Ensemble de prestations haut de gamme

Les nouveaux centres intégrés Speedy devront aussi proposer d’autres prestations de pointe comme la géométrie 3D, la réparation et le remplacement de pare-brise, le réglage des feux et aussi des caméras et avertisseurs de collision. « Quand j’ai repris la société il y a quatre ans, elle manquait cruellement d’investissement, rappelle Jacques Le Foll. Il était nécessaire de relancer la rénovation des centres mais aussi du matériel. 100 centres ont déjà été rénovés. Nous avons beaucoup investi pour cela. Notre résultat a progressivement repris des couleurs : nous avons réalisé 283 millions d’euros de chiffre d’affaires au total dont 163 millions dans nos succursales. Il était donc logique que nous reprenions le développement de notre réseau intégré. »

Le président de Speedy ne cache pas que ce sont des sites à l’emplacement privilégié que l’enseigne souhaite trouver pour ses futures succursales. Comme l’est celui de Clamart. Des sites capables d’accueillir six ponts élévateurs, une aire mixte et d’employer une huitaine de techniciens, quand la moyenne des centres existant se limite à quatre baies et trois ou quatre personnes à l’atelier. « Le métier de l’entretien-réparation et la technologie des véhicules va demander sans cesse davantage d’investissement, poursuit Jacques Le Foll. Nous visons la captation de véhicules plus récents, certains encore sous période de garantie. » Ce que le réseau fait déjà avec les flottes de loueurs de courte durée qu’il compte dans son portefeuille de clients grands comptes, mais aussi auprès de particuliers.

Le service client avant tout

Car s’il est une qualité sur laquelle Speedy insiste, c’est la proximité avec ses clients. « J’aime à penser que tout automobiliste ait un centre Speedy à moins de 20 minutes de chez lui, ce qui n’est pas le cas partout mais c’est un objectif vers lequel nous tendons, confesse le patron du groupe. Nous sommes particulièrement centrés sur la qualité de service client, nous la mesurons depuis trois ans et nous la voulons équivalente à celle des réseaux constructeurs, avec matériel de pointe et personnel formé aux dernières technologies, à l’accueil et au confort. Notre centre de formation national de Nanterre y répond. Nous avons la chance que nos collaborateurs sont très attachés à l’entreprise, au climat social qui y règne et nous sommes fiers de la faiblesse de notre taux de turnover et de l’ancienneté positive de nos équipes. »

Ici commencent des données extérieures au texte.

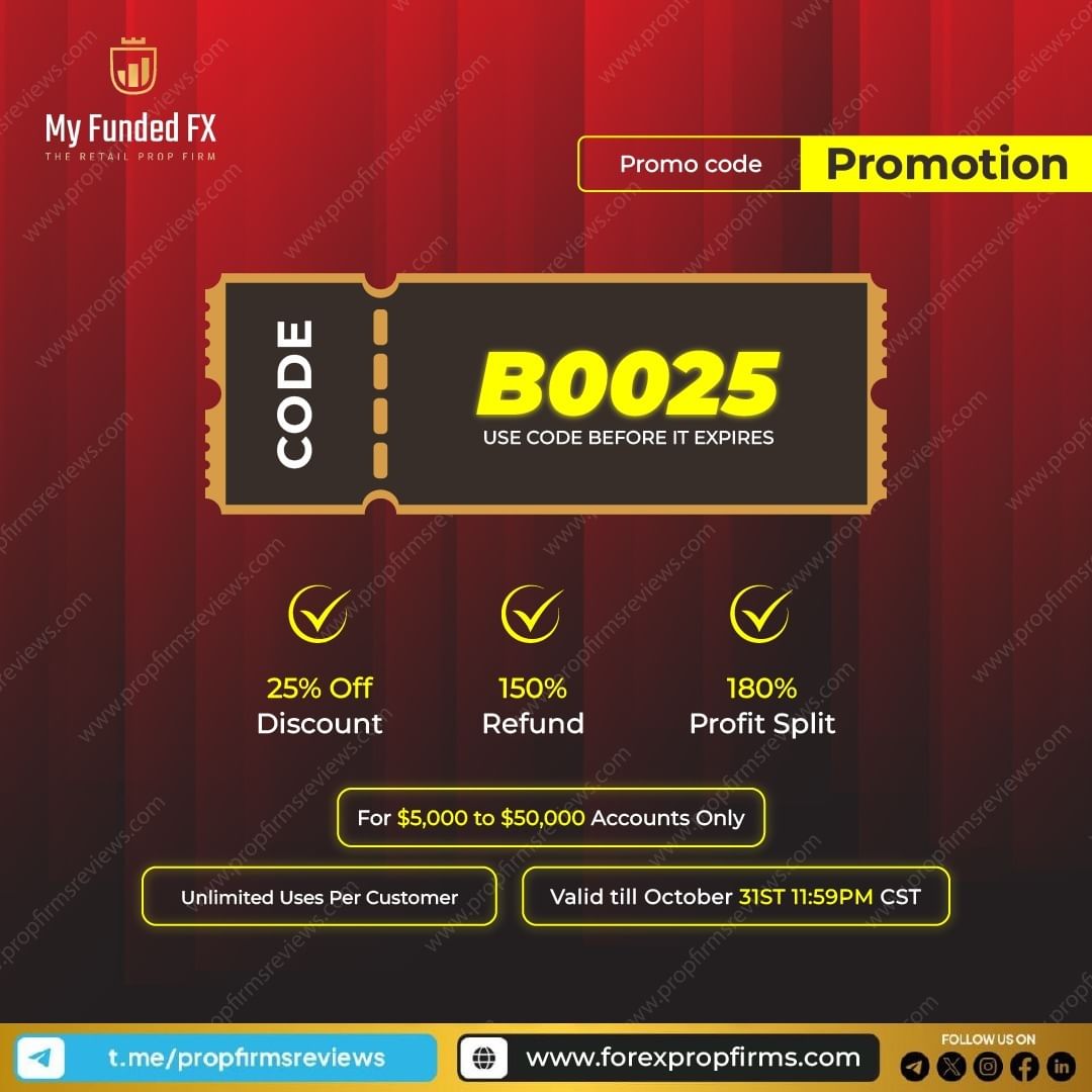 Unveil the potential for enhanced trading experiences this season with Exclusive Offer by My Funded FX using coupon, “BOO25.” Embrace the spirit of the season and leverage this limited-time opportunity to elevate your trading endeavors. The offer delivers an array of enticing advantages including a 25% discount, a remarkable 150% refund provision, and an 80% profit split, amplifying the capacity for profitable trades and minimizing risks.

D’ailleurs en matière de relation client et de convivialité entre les collaborateurs des centres –et de toute la société, par extension– le dernier spot publicitaire Speedy, réalisé par le cinéaste et comédien Mathieu Amalric vise juste. En mettant en scène un client apparemment furibard derrière les vitres du hall d’accueil alors qu’il mime simplement le fait de match d’un joueur de football au technicien qui l’accueille, symbolisant ainsi la décontraction régnant entre le client et son réparateur, Speedy veut avant tout transmettre des vertus de convivialité. Et d’attention envers la personne et les besoins de l’automobiliste. Et pour renforcer ce lien comme le service fourni, Speedy envisage sérieusement la diffusion d’un boîtier télématique connecté au véhicule et capable de transmettre les données de diagnostic et prévoir la maintenance. « Nous travaillons avec Bosch sur ce point précis », reconnaît Jacques Le Foll. Un Bosch dont le système Fun2Drive était justement appelé à être le plus ouvert possible pour s’adresser aux réseaux d’après-vente indépendante.